Farmers are numerous, and have a lot of votes; so they attract a lot of favours from politicians. Most Indian banks belong to the government; it has used them to give cheap loans to farmers. They cannot repay them. Once in a while, the government writes them off. The number of suicides - 10,000-15,000 a year - is not large in relation to the number of farmers - 100 million odd. Still, it is sad; it gets noticed once in a while - usually when the annual numbers are published. But no one looks for the basic causes, let alone for an effective solution. Chidambaram's solution was to triple bank loans to farmers; I said in this Business World column of 14 July 2004 that was a perfect recipe for more suicides eventually.
Why farmers kill themselves
The first thing the chief minister of Andhra Pradesh did
on taking power was to tell farmers they would not have to pay for electricity.
The Prime Minister declared himself against free electricity, but not in Andhra
Pradesh; there he imagined some special circumstances. The finance minister
promised to triple credit to farmers in three years. This is how politics works
in our country: the solution is found even before the problem is understood.

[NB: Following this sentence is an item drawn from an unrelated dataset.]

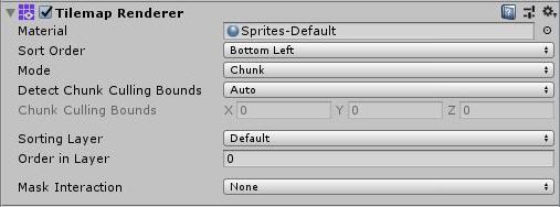 See in Glossary. Unity creates Tilemaps with the Tilemap Renderer attached by default. The Tilemap Renderer can:

The Congress won the elections by telling farmers by promising them the end to
their problems. The government of Andhra Pradesh owns the electricity industry
there, so it gives the farmers free electricity. The government of India owns
banks; so it gives farmers loans. Neither government cares for the financial
health of the enterprises it owns. And neither government has given a thought
to what exactly are farmers’ problems.
I do not know either; but if I
had to guess, I would expect they had something to do with the way competition
works in agricultural markets. The central government announces minimum prices
for many crops, but enforces only those for rice and wheat by buying them. A
government commission fixes the minimum prices so as to ensure profitability of
the two crops; and then the central cabinet throws in a few Rupees more. So
these two are the most lucrative crops, and all farmers who could produce them
have turned to them. Then the government subsidizes their sales through the
public distribution system and thus boosts demand for them. The result is that
other food crops – jowar, bajra, maize, ragi and pulses – have lost out; their
share in foodgrain output has fallen. And these crops are grown in arid areas;
so farmers who do not have irrigation have lost out. This is where I would look
for the primary cause of farmers’ distress in the rainfed areas of the
peninsula – Andhra, Karnataka and Tamil Nadu.
Then, competition is skewed by
the geography of irrigation. Punjab, Haryana and western UP get water from
canals; so do those parts of the Godavari, Krishna and Cauvery that are in the
command areas of the dams on them. Once the governments used to charge for the
water; now the charges are ludicrously low. So those farmers who can get water
use as much of it as possible; this leaves little for downstream districts. This
unequal distribution makes news in the Cauvery valley because it flows through
two states, including one with a voluble chief minister. But dams store limited
water, and it is bound to be unequally distributed. So those who do not get it
face unequal competition from those who do. They drill borewells, and need free
electricity to compete.
Minimum price support is not the
only government intervention. Maharashtra buys up all cotton grown in the state
at an unrealistic price. Many states fix absurdly high prices for sugar cane.
The government of Kerala pushes up the wages of plantation workers. In various
ways, governments raise prices of particular crops, and ensure that they are
too costly to export. They therefore require protection from imports – the BJP
government, which boasted of having reduced tariffs, pushed up tariffs on
agricultural goods to absurd heights. And if there is a bumper crop, they
cannot be exported and domestic prices crash. In other words, because
government policies have made them unexportable, their domestic prices been
destabilized.
Farmers face risk anyway because of
fluctuations in rain and incidence of pests; price instability compounds the
risk. And then the government gives them loans at interest rates that are fixed
whatever their return. Thus the surplus, net of interest, becomes even more
unstable. Fixed-interest loans actually increase agricultural risk.
Which is why many farmers have
reneged on bank loans and become ineligible for more. They turn to
moneylenders, whose interest rates are higher and methods of loan collection
more brutal. When farmers renege on their loans, often the only thing left for
them to do is to commit suicide.
This is why tripling bank loans
to farmers will not solve their problems, but worsen them. If the finance
minister wants to help farmers, he should start a lottery on rainfall; the
chances of a drought year are less than 10 per cent, so a farmer would multiply
his money tenfold when his crop fails.